__Task objective__.
Retype each line of the material exactly, please, skipping any picture in it.

__Data provided__.
- Opening Delimiter -

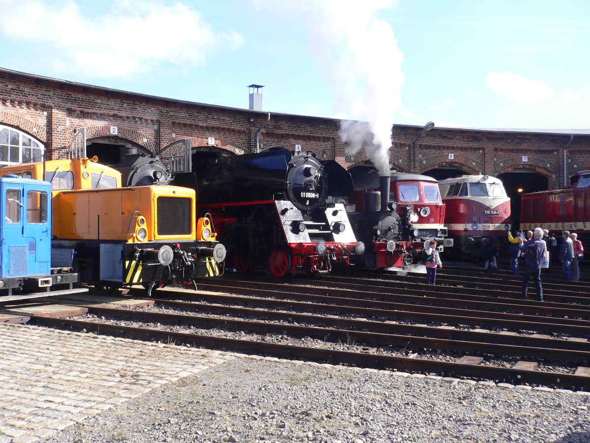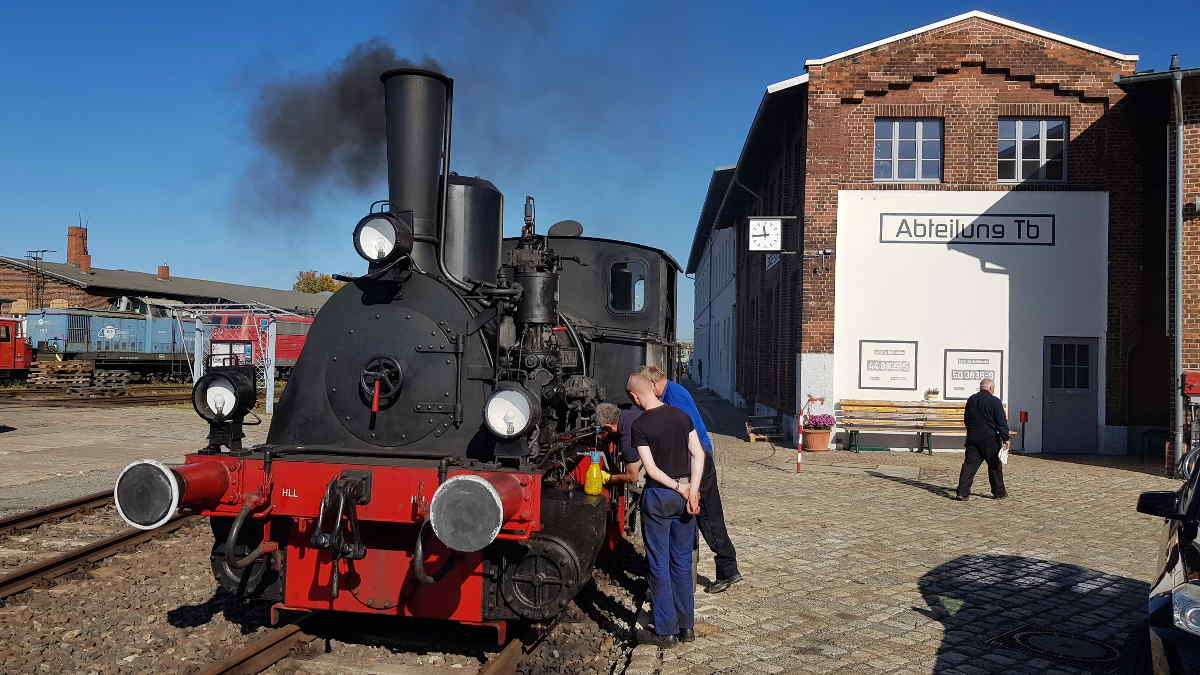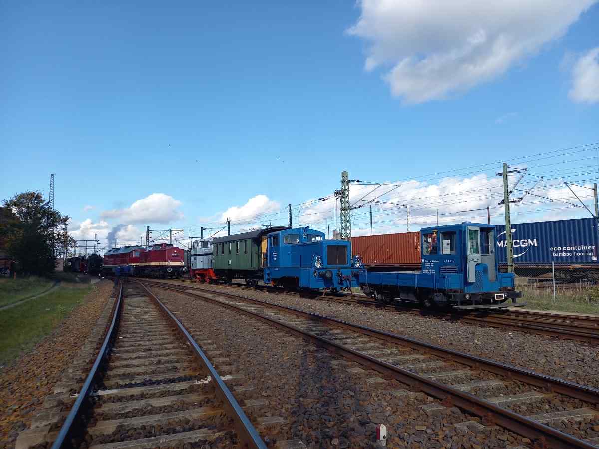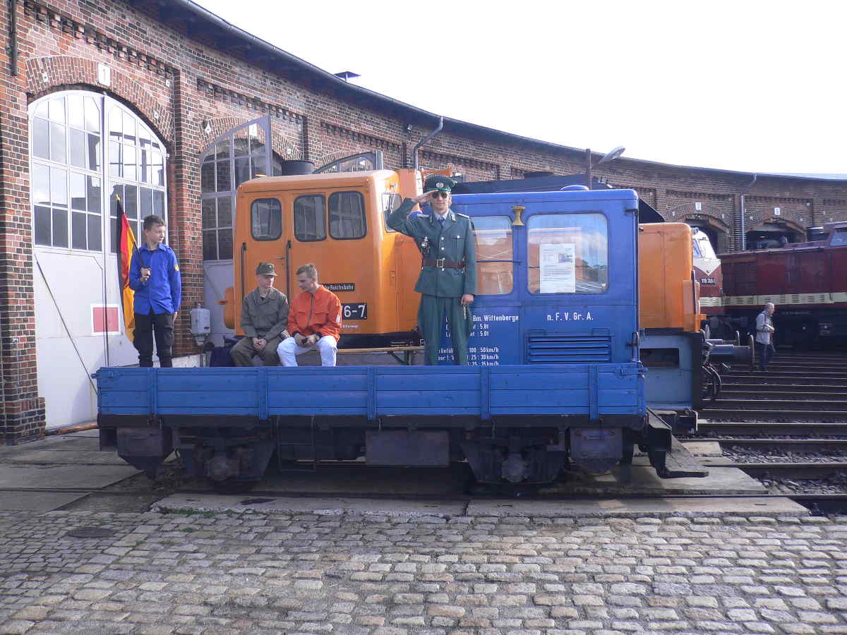 Nachdem nun alle Lokomotiven zum Leben erweckt worden und die Vorbereitungen soweit abgeschlossen waren, stieg die Vorfreude auf die kommenden beiden Tage. Am Samstag und Sonntag konnten wir sicher einige Highlights bieten. Dazu zählte natürlich die Anwesenheit unserer Gastlokomotiven, die sich abwechselnd auf der Drehscheibe präsentierten und auch an unseren Paradefahrten am Nachmittag teilnahmen. Nennenswert waren auch unsere Schienenexkursionen auf die Wittenberger Hafenbahn, die mit dem Triebwagen 672 910 der Hanseatischen Eisenbahn-Gesellschaft durchgeführt wurden. Abwechslungsreich war die Darbietung alter Uniformen aus DDR-Zeiten, die auf der Ladefläche unseres Schienenkleinlasters vorgestellt wurden. Und an die ganz Kleinen war auch gedacht: Hinter dem Lokschuppen verkehrte die Kindereisenbahn, die unseren Nachwuchs begeisterte. Hier einige Bilder, die an den beiden Tagen entstanden sind.
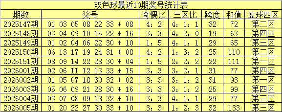 南华天第2026006期双色球区间号码个数统计分析:(红球:01-11为一区,12-22为二区,23-33为三区;蓝球:01-04为一区,05-08为二区,09-12为三区,13-16为四区)
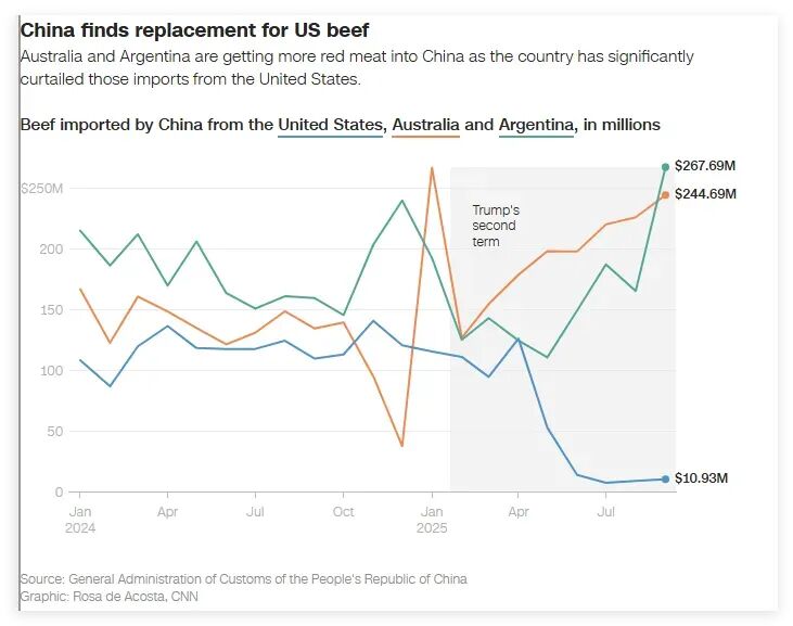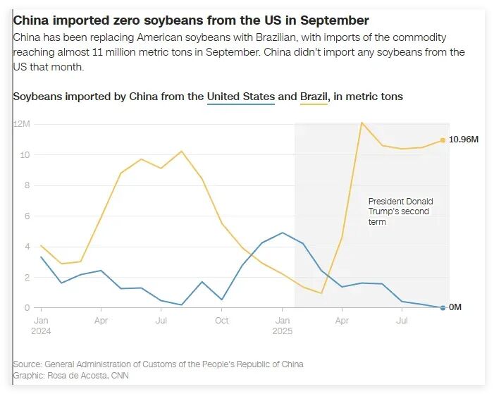 其中,美国有线电视新闻网(CNN)就在一篇11月2日的文章中,引用中国海关总署的官方数据制作了4张简单的图表,并以此直观地呈现出了两个大国在博弈时,发生了哪些变化。

- Closing Delimiter -

__Output of the task__.
 Nachdem nun alle Lokomotiven zum Leben erweckt worden und die Vorbereitungen soweit abgeschlossen waren, stieg die Vorfreude auf die kommenden beiden Tage. Am Samstag und Sonntag konnten wir sicher einige Highlights bieten. Dazu zählte natürlich die Anwesenheit unserer Gastlokomotiven, die sich abwechselnd auf der Drehscheibe präsentierten und auch an unseren Paradefahrten am Nachmittag teilnahmen. Nennenswert waren auch unsere Schienenexkursionen auf die Wittenberger Hafenbahn, die mit dem Triebwagen 672 910 der Hanseatischen Eisenbahn-Gesellschaft durchgeführt wurden. Abwechslungsreich war die Darbietung alter Uniformen aus DDR-Zeiten, die auf der Ladefläche unseres Schienenkleinlasters vorgestellt wurden. Und an die ganz Kleinen war auch gedacht: Hinter dem Lokschuppen verkehrte die Kindereisenbahn, die unseren Nachwuchs begeisterte. Hier einige Bilder, die an den beiden Tagen entstanden sind.
 南华天第2026006期双色球区间号码个数统计分析:(红球:01-11为一区,12-22为二区,23-33为三区;蓝球:01-04为一区,05-08为二区,09-12为三区,13-16为四区)
 其中,美国有线电视新闻网(CNN)就在一篇11月2日的文章中,引用中国海关总署的官方数据制作了4张简单的图表,并以此直观地呈现出了两个大国在博弈时,发生了哪些变化。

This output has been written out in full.